_The input_
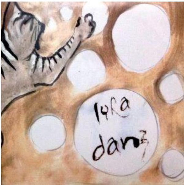
LyraDanz, 2013 (EP)
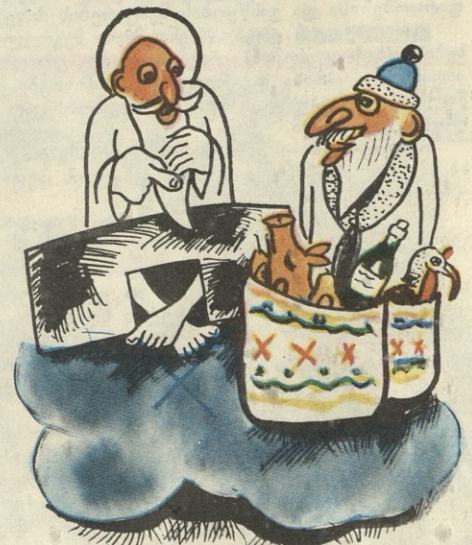
— მაგ საჩუქრებს ჩემი ფონდიდან საპო- ნიც დაუმატე!
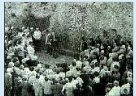
Kegeleti hely átadása a viadukton

Szép és hálás színfoltja volt Veszprémnek ugyancsak ez év tavaszán, mikor a Padányi Biró Márton Katolikus Általános Iskolába járó diákok és szüleik szentmise keretében tettek bizonyosságot az iskola keresztény szellemiségéről a város katolikus templomaiban. Egy édesapa a II. Vatikáni Zsinat szavait idézte: „A katolikus iskola azon
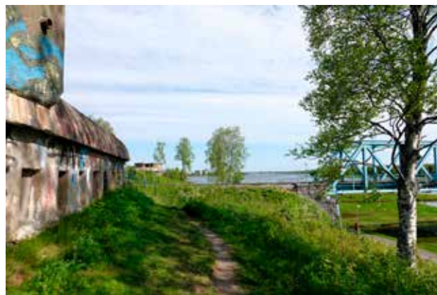
Tornionjoen länsirannalla molemmin puolin Suomeen vievää rautatietä sijaitsevien bunkkereiden ampuma-aukot ovat Suomen suuntaan, mistä venäläisten ajateltiin tulevan. Taustalla näkyy Tornionjoeta ja Haaparannan kaupunkia vasemmalla.
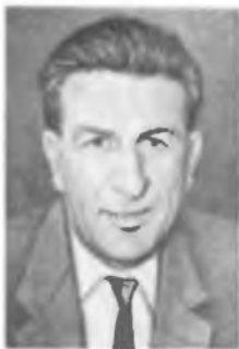
Е. Л. ФЕЙНБЕРГ
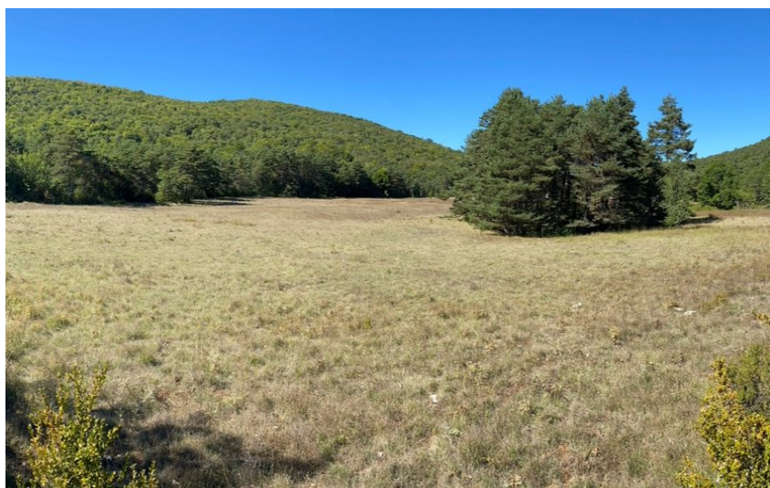
Vue sur une doline entourée de végétation

Venez découvrir une des plus grandes dolines d'Europe, formée naturellement par l'effondrement de la roche.
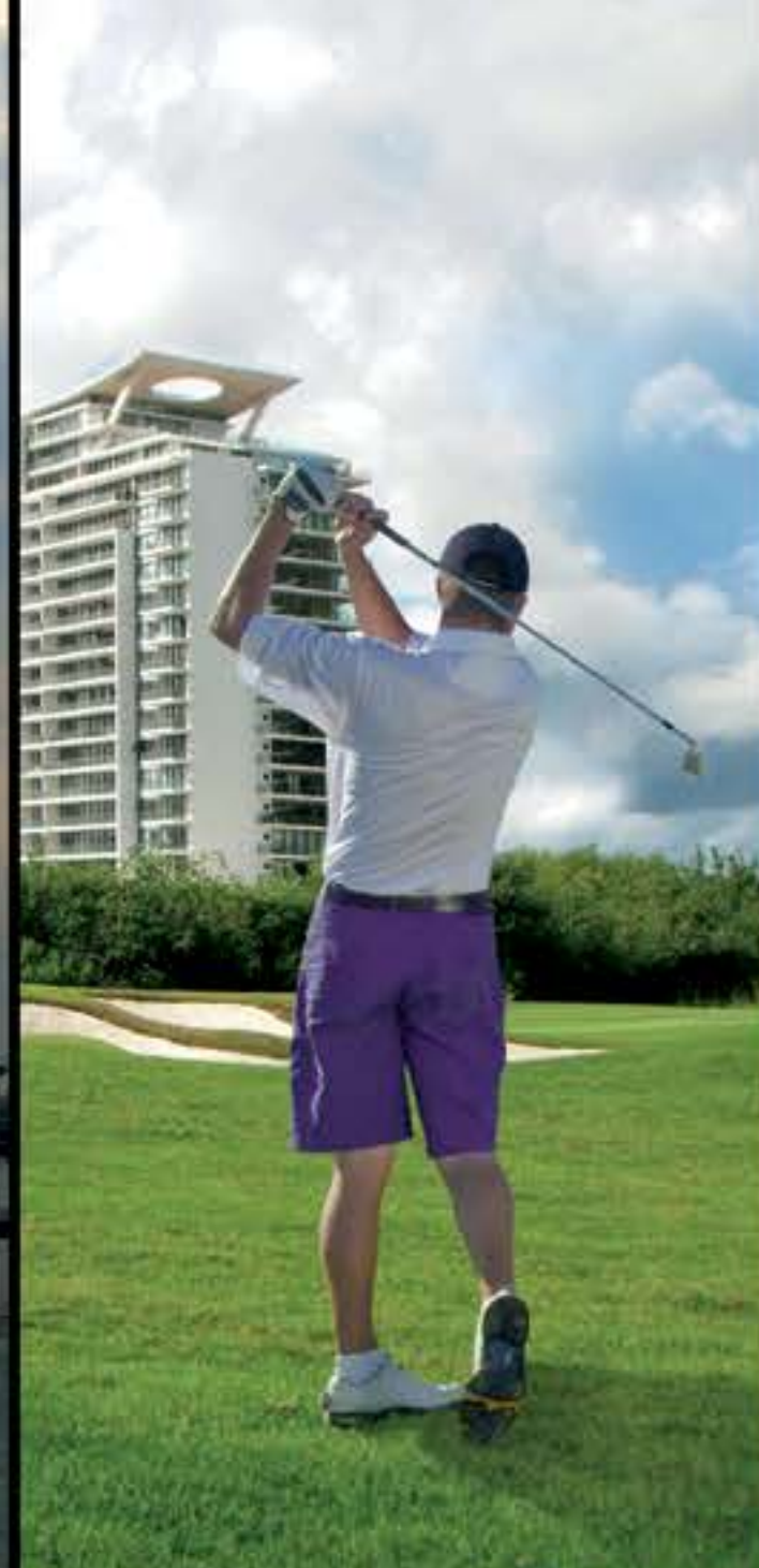
CAMPO DE GOLF / GOLF COURSE
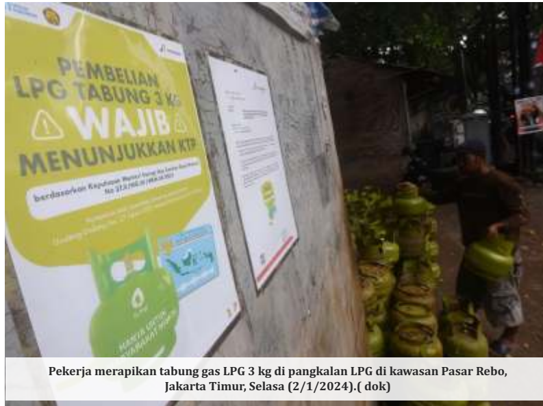
Pekerja merapikan tabung gas LPG 3 kg di pangkalan LPG di kawasan Pasar Rebo, Jakarta Timur, Selasa (2/1/2024).

"Jadi kami siapkan sistem dan infrastruktur untuk itu. Sehingga

_Problem to work on_
Output the listing above exactly, pictures omitted.

_Exercise result_
LyraDanz, 2013 (EP)
— მაგ საჩუქრებს ჩემი ფონდიდან საპო- ნიც დაუმატე!
Kegeleti hely átadása a viadukton

Szép és hálás színfoltja volt Veszprémnek ugyancsak ez év tavaszán, mikor a Padányi Biró Márton Katolikus Általános Iskolába járó diákok és szüleik szentmise keretében tettek bizonyosságot az iskola keresztény szellemiségéről a város katolikus templomaiban. Egy édesapa a II. Vatikáni Zsinat szavait idézte: „A katolikus iskola azon
Tornionjoen länsirannalla molemmin puolin Suomeen vievää rautatietä sijaitsevien bunkkereiden ampuma-aukot ovat Suomen suuntaan, mistä venäläisten ajateltiin tulevan. Taustalla näkyy Tornionjoeta ja Haaparannan kaupunkia vasemmalla.
Е. Л. ФЕЙНБЕРГ
Vue sur une doline entourée de végétation

Venez découvrir une des plus grandes dolines d'Europe, formée naturellement par l'effondrement de la roche.
CAMPO DE GOLF / GOLF COURSE
Pekerja merapikan tabung gas LPG 3 kg di pangkalan LPG di kawasan Pasar Rebo, Jakarta Timur, Selasa (2/1/2024).

"Jadi kami siapkan sistem dan infrastruktur untuk itu. Sehingga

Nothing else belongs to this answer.